The 2000-Year-Old Lesson We Haven’t Learned
Leadership Compassion dates to Jesus.
“The second (most important) is ‘Love your neighbor as yourself.’”- Mark 12:31 quoting Jesus.
Plenty of articles tell leaders to be more compassionate. Leadership compassion is one of our 𝘙𝘦𝘴𝘱𝘦𝘤𝘵 𝘍𝘰𝘳 𝘗𝘦𝘰𝘱𝘭𝘦 elements. Hell, our cultural assessment targets the concept. Can you use the word hell in a post containing a biblical quote?
We often assume compassion means being soft on people, accepting excuses for poor performance, and letting results slide or be rationalized.
What leadership compassion?
- Col. Arthur Athens describes it as a question. Does this leader care as much about me as they do themselves? (Sound familiar)
- Compassion requires replacing judgment with curiosity.

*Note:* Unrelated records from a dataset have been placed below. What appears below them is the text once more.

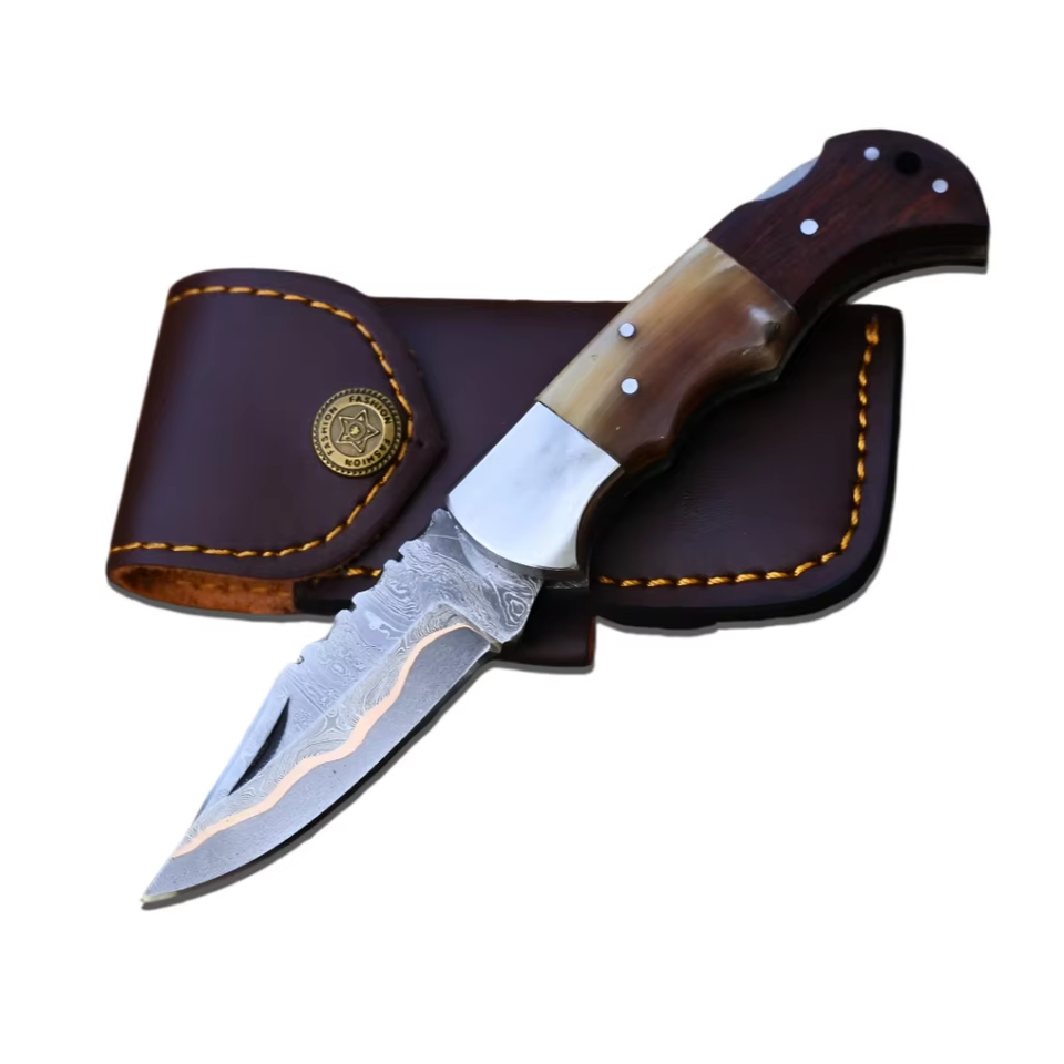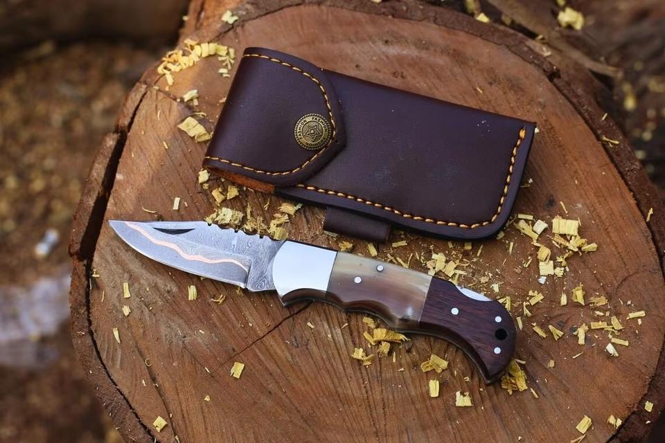 มีดพับได้มีกระเป๋าเหล็กดามัสกัสแบบพกพามีดล่าสัตว์กลางแจ้งพร้อมปลอกหนังง่ายต่อการถือชุดมีดดามัสกัส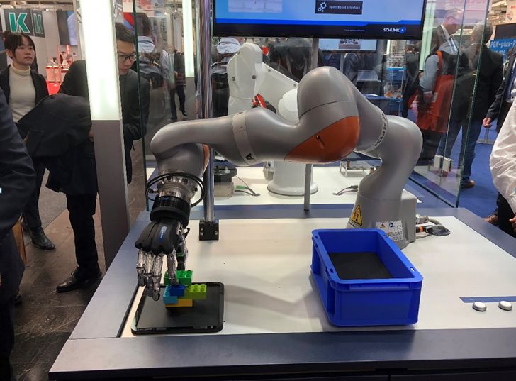 Schunk展示了世界首款通过德国法定事故保险协会(DGUV)的认证可用于人机协作性操作的五指机器人手SCHUNK SVH,再次开创世界抓取系统和夹持技术领域世界之先河。SVH五指机器人配有多个摄像头,通过3D机器视觉多维度获取影像信息,并通过带有自学习功能的AI系统进行信息分析处理,从而处理复杂的分拣与抓取工作任务。在现场,可以将乐高积木可以自由搭配成任何形状,通过机器视觉来判断形状、角度等多维度信息,然后通过AI分析规划最优路径,最后用灵活的手指,对不规则形状物体进行精准抓取。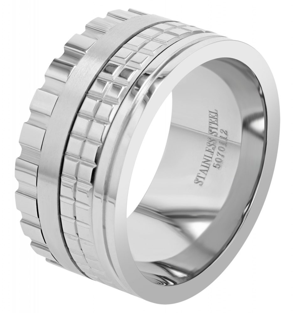 Nosso anel masculino feito de aço inoxidável de alta qualidade combina um design impressionante com qualidade de primeira classe. Disponível nos tamanhos de anel 62 a 72, é perfeitamente ajustável para dar a cada homem a oportunidade de usar esta joia. A aparência externa do anel é uma mistura harmoniosa de elementos foscos e polidos, que conferem ao anel um visual moderno. A largura de 12 mm e a espessura de 2,5 mm conferem ao anel masculino uma presença marcante sem parecer sobrecarregado. O verdadeiro destaque deste anel é o centro giratório da faixa, que lhe confere um toque lúdico e permite ao usuário interagir com a joia. Fabricado em aço inoxidável, o anel masculino caracteriza-se pela sua robustez e resistência à corrosão.
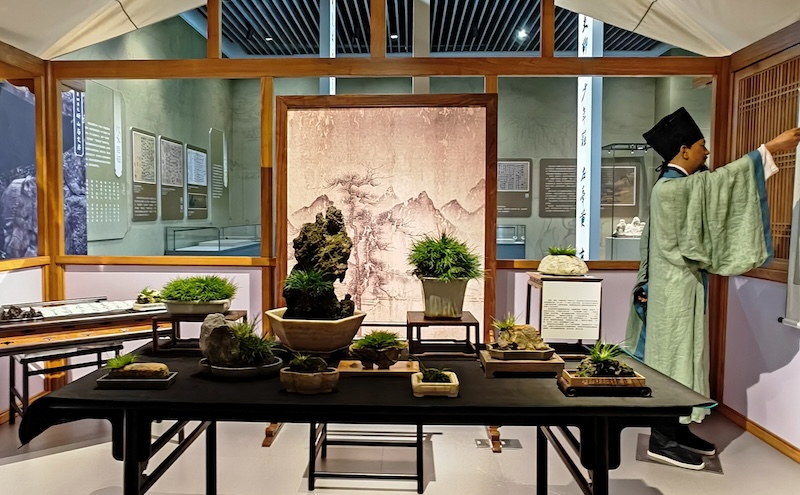 菖蒲,因其“不假日色,不资寸土”以及历冬不死寿百年的特性,向来被视为是“文人草”,至少在宋代已经在文人圈中流行莳养。苏东坡是附石植蒲的倡导者,他盛赞菖蒲“忍寒苦,安淡泊,与清泉白石为伍,不待泥土而生者”(《石菖蒲赞(并叙)》)喜欢以石植蒲,“斓斑碎玉养菖蒲,一勺清泉满石盂。”(《过文觉显公房》)。养蒲近些年成为盛事,走入了寻常百姓家,无锡王大濛先生是苏东坡附石植蒲的追随者,深入发掘古代名人养蒲事迹和经验,弄石刻铭制盆作画,别开生面,蔚为大观。此次展览,展示了王大濛先生一组植蒲,也是别有兴味。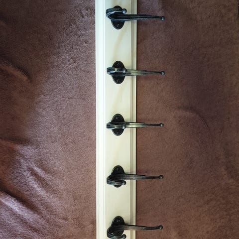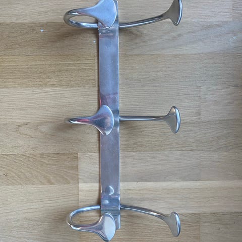 Selger en svart tre-knaggrekke med tre solide kroker. Den er helt ny, aldri brukt og har fortsatt etiketten på.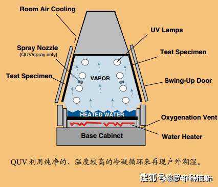 QUV/se紫外线加速老化箱通过独特的冷凝功能来模拟户外的潮湿侵蚀。在冷凝循环中,通过加热试验机底部水槽来产生水蒸汽。热的水蒸汽使试验箱在较高温度下保持100%的相对湿度。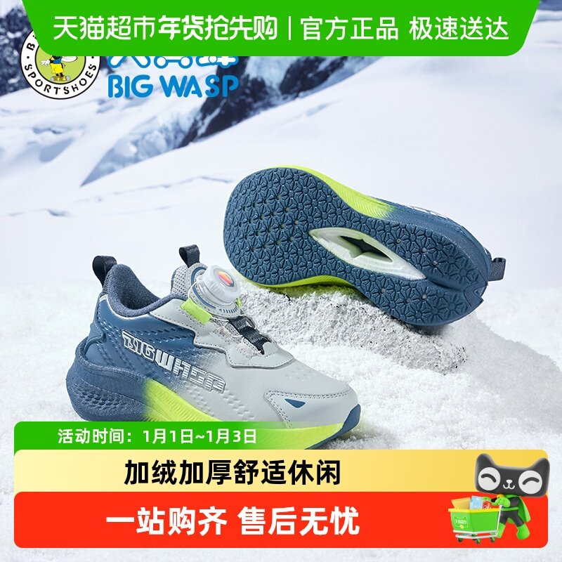 大黄蜂童鞋男童运动鞋冬季新款旋转扣保暖加绒儿童二棉鞋碳板跑鞋

- It requires genuinely engaging your people in sometimes awkward, uncomfortable, and emotional conversations to seek a genuine understanding of the issues from the other person’s perspective.
- Acting compassionately obligates the leader to adapt their approach to support the other person and collaboratively work to solve the issue.
Can leadership compassion coexist when driving for change and results? I would tell you that it can coexist and is a prerequisite for driving change and results.
If your change process doesn’t include a step to assess and understand the emotional and leadership health of your company, function, or team, your words may ring hollow with your people, and you are likely managing change, not LEADING change.